Administration Guide > TDV and SSL Authentication > Setting Up SSL > Setting Up Authentication between Studio and the TDV Server
 
Setting Up Authentication between Studio and the TDV Server
The encryption_util.bat can be used to update the authentication between Studio and the TDV Server. The utility will change and encrypt all the passwords for all the Studio installs in your environment.You must continue to use the keytool to update the passwords on the TDV Server.
If you decide not to use the encryption_util, you need to configure the JKS digital certificate that you intend to use for secured Web services and secured JDBC communications.
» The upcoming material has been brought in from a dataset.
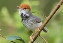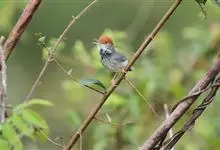 黑喉缝叶莺:体长11.5厘米,是一种小型的顶冠棕色、腹部白色的莺。尾甚长而常上翘,臀黄色,具特征性的偏黑色喉,上体橄榄绿色,头侧灰色。雌鸟色暗,头少红色且喉少黑色。与长尾缝叶莺的区别在后顶冠亦为棕色,…全部>>

The JKS digital certificate initiates and establishes SSL communication over HTTPS and LDAP ports.
If a truststore location is not specified, search for a keystore file in the following locations:
<TDV_install_dir>/jdk/conf/security/jssecacerts
<TDV_install_dir>/jdk/conf/security/cacerts
Assumptions
TDV assumes that all passwords stored in all the keystore and truststore files are the same.
To use encryption_util.bat to validate Studio side authentication password is valid
1. On the Windows machine where Studio is installed, locate the encryption_util.bat script.
2. Use a command window to run the script using the following command:
encryption_util.bat -studioKeyStoreVerify
To use encryption_util.bat to update Studio side authentication
1. On the Windows machine where Studio is installed, locate the encryption_util.bat script.
2. Use a command window to run the script using the following command:
encryption_util.sh -toolsKeyStore -keyStorePassword somepassword -trustStorePassword somepassword -keyStoreChange
To configure SSL between Studio and the TDV Server
1. Obtain a JKS digital certificate from a Certificate Authority, or generate your own using keytool.
2. For Studio authentication to TDV, add the certificate to these files:
<TDV_install_dir>/conf/server/security/cis_server_truststore.jks
<TDV_install_dir>/conf/studio/security/cis_studio_truststore.jks
 
3. In Studio, and select Administration > Launch Manager (Web) to open the TDV Manager Web interface.
4. Log in to Manager.
5. In Manager, choose CONFIGURATION > SSL to display the SSL MANAGEMENT page.
6. In the New Value column next to Java Keystore File Location, enter the full path to the new JKS file on the server.
 
7. Click APPLY.
The REVERT button recovers the current value.
8. Change the Java Keystore File Type and the Java Keystore Password so that their values when the server restarts match the digital certificate being installed.
9. Change the passwords of the TDV Server and Studio truststores:
<TDV_install_dir>\jdk\bin\keytool.exe -storepasswd -new <your_password> -keystore <TDV_install_dir>/conf/server/security/cis_server_truststore.jks
<TDV_install_dir>\jdk\bin\keytool.exe -storepasswd -new <your_password> -keystore <TDV_install_dir>/conf/studio/security/cis_studio_truststore.jks
 
10. Restart the TDV Server to load the keystore and apply the changes.